## [Items listed in a dataset]
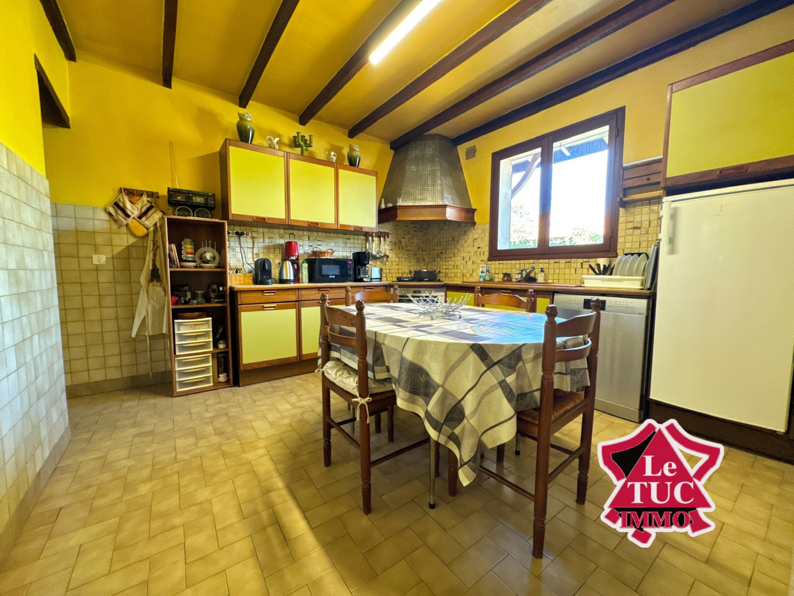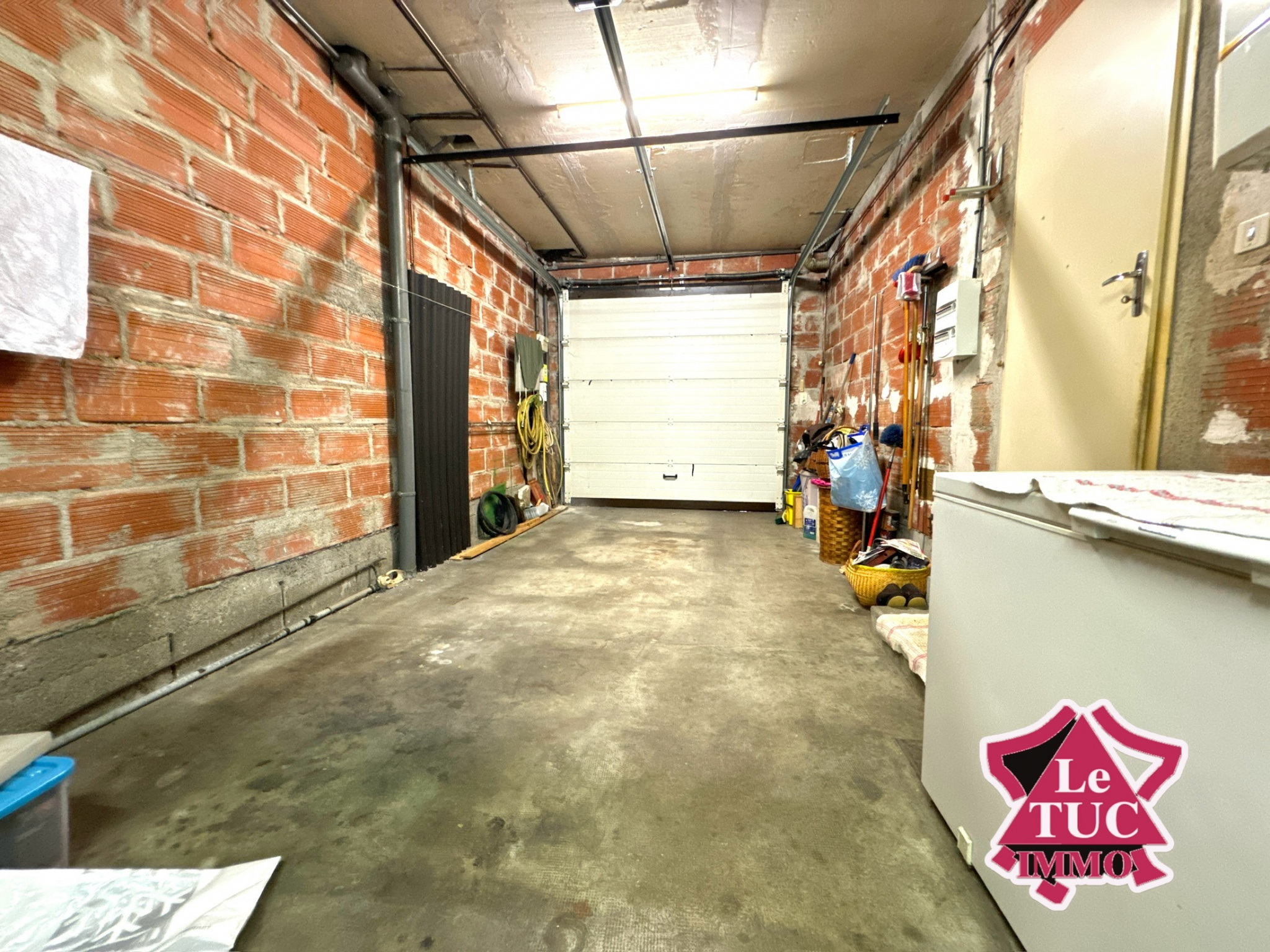 La maison dispose d’une entrée avec couloir sur cuisine de 13 m² avec accès au garage très confortable pouvant accueillir deux véhicules avec porte électrique, ainsi que d’un espace buanderie et chaufferie totalisant une surface de 35 m².
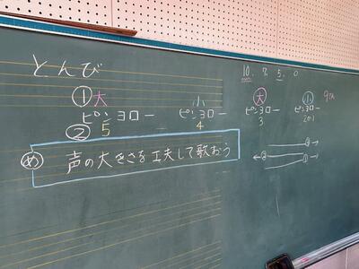 11月11日、音楽室で4年生が「とんび」の授業をしていました。「声の大きさを工夫して歌おう」が学習のめあてでした。子供たちは、とんびの歌詞の意味ををしっかりつかみながら、大きく歌うところ、そうでないところを工夫していました。
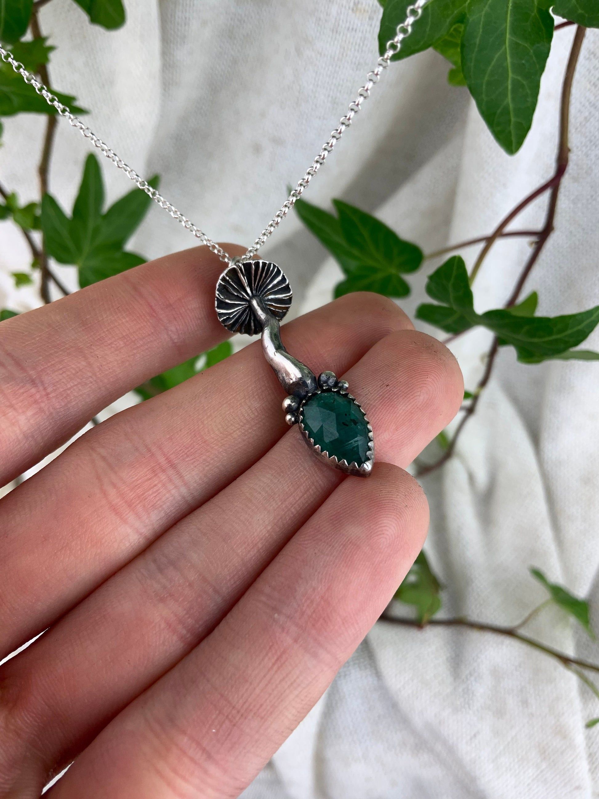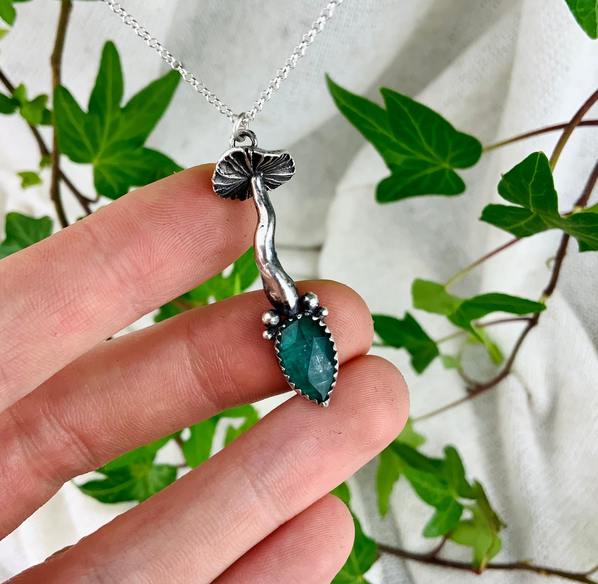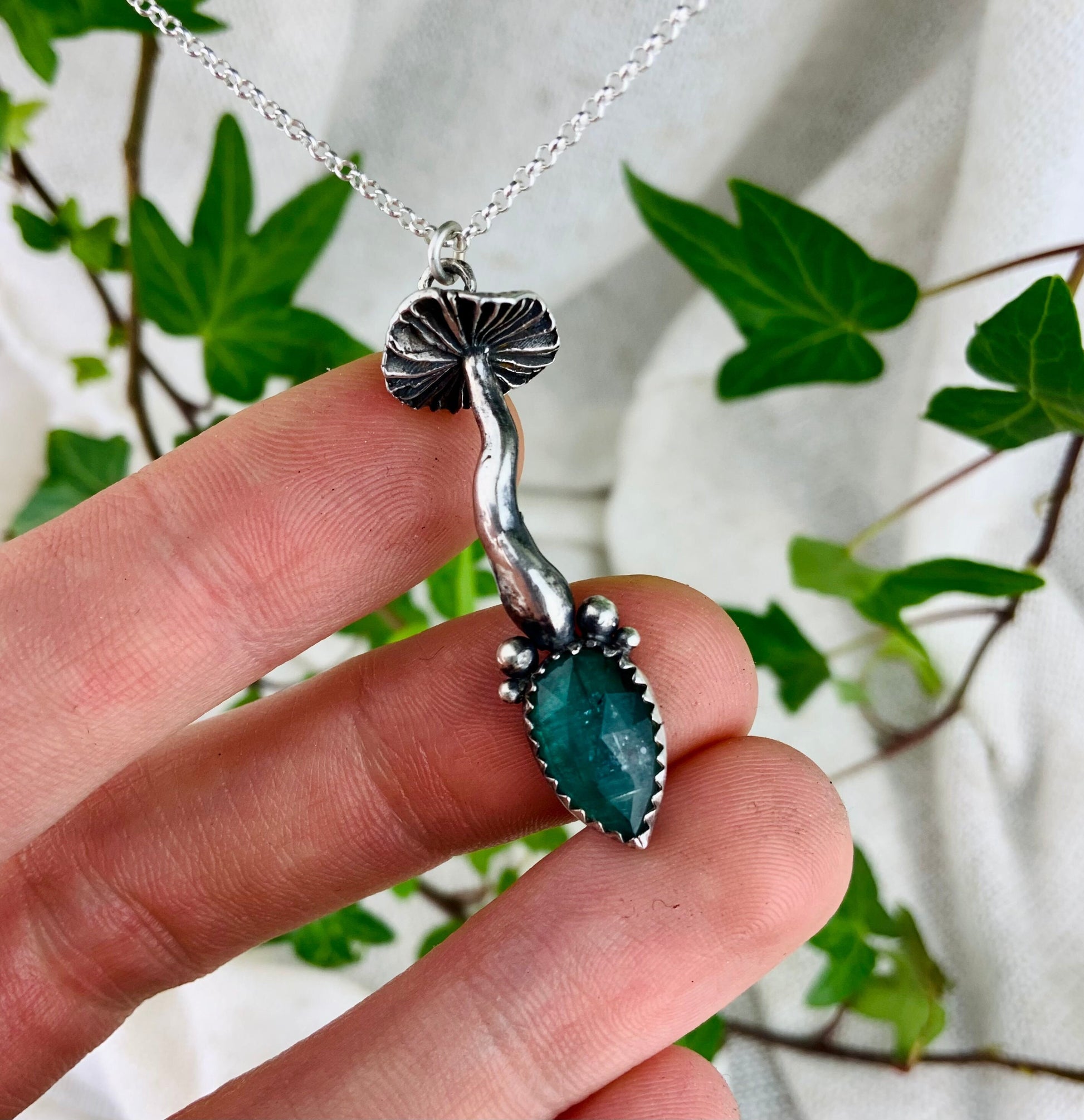 This Mushroom Necklace with a beautiful Teal Kyanite at its heart, is showcasing intricate details that mirror the real fungi found deep within the forest.
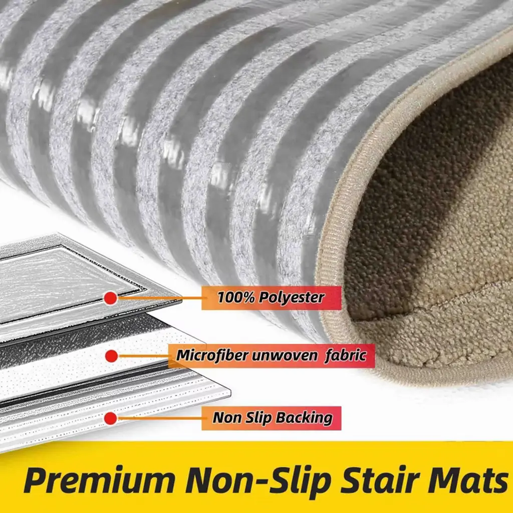 This non-slip stair tread set brings comfort, safety, and peace of mind to your home. Designed with our patented striped anti-slip backing, each tread stays firmly in place¡ªno slipping, sliding, or shifting, even in high-traffic households with kids, seniors, or pets.
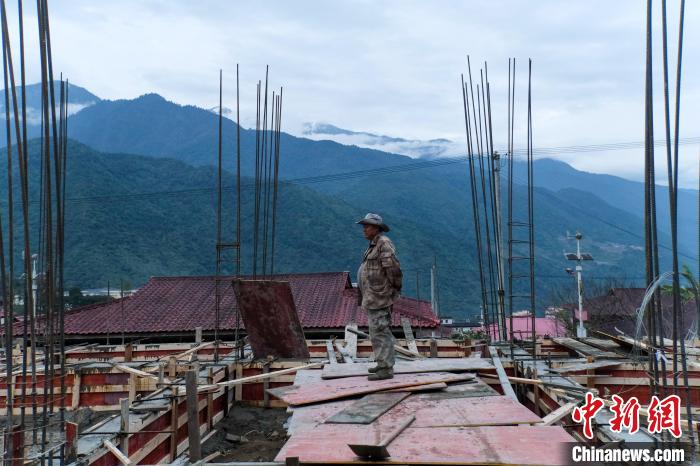 12月18日傍晚,墨脫縣門(mén)巴族村民新生在新建房屋地基上查看進(jìn)度。中新社記者 江飛波 攝

## [Exercise requirements]
Where the line containing "This non-slip stair" appears in the records above, begin copying and continue exactly through the last line, with nothing else; omit every picture.

## [Task result]
 This non-slip stair tread set brings comfort, safety, and peace of mind to your home. Designed with our patented striped anti-slip backing, each tread stays firmly in place¡ªno slipping, sliding, or shifting, even in high-traffic households with kids, seniors, or pets.
 12月18日傍晚,墨脫縣門(mén)巴族村民新生在新建房屋地基上查看進(jìn)度。中新社記者 江飛波 攝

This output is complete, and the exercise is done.